Are you ready to Wrassle?
2100 Original Wrasslers are storming the ring to slam down in an EPIC, No-holds-barred, battle royale!
2100 BAD ASSES of the retro-future who cannot be confined to one arena...
PREPARE YOURSELF for a brain-bashing experience in WEB3 interoperability
These maniacal fighters are the NEXT CHAMPIONS of our Metaverse Wrestling Federation!

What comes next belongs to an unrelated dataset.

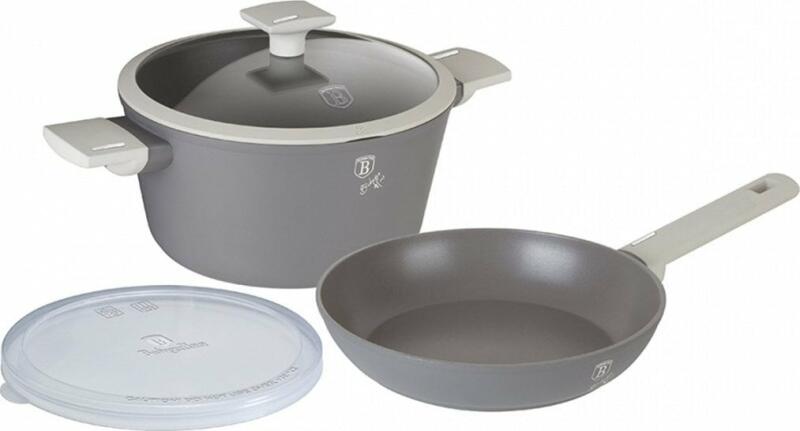 Gyártó: Berlinger Haus Modell: Aspen BH-7079 Leírás: Az Aspen Collection négy részes edénykészlete a kiváló minőségű kovácsolt alumínium tapadásmentes bevonattal tökéletes választás a modern konyhák számára. A szett tartalmaz egy serpenyőt, egy lábast fedővel, valamint egy műanyag fedőt, amelyek mind matt szürke színűek. Főbb tulajdonságok és előnyök Anyag A ké

OH YES! THE WRASSLERS NFT COLLECTION IS HERE!
Eager to FIGHT??
Get your hands on a WRASSLERS CARD PACK!
This ain't your slimy cousin Brenden's allowlist mint pass raffle - Wrasslers uses hardcore onchain randomness for pack ripping.
BEHIND THE ARTWORK
1100 individual hand-drawn layers of accessories, hairstyles & clothing
+
170,000 words of GPT-3 + human written backstories
Tossed in the WRASSLENATOR 2000 AI machine to create the sickest batch of psychopaths the metaverse has ever seen!
Nipple rings. Cuban cigars. Fuchsia pythons. Acoustic guitars. There is an attribute to make just about any Wrassler special. But one is so rare, you might only see it once in the whole collection:
Was it a freak accident, or a horrific act of war that turned this maniac green?
Find em, and find out!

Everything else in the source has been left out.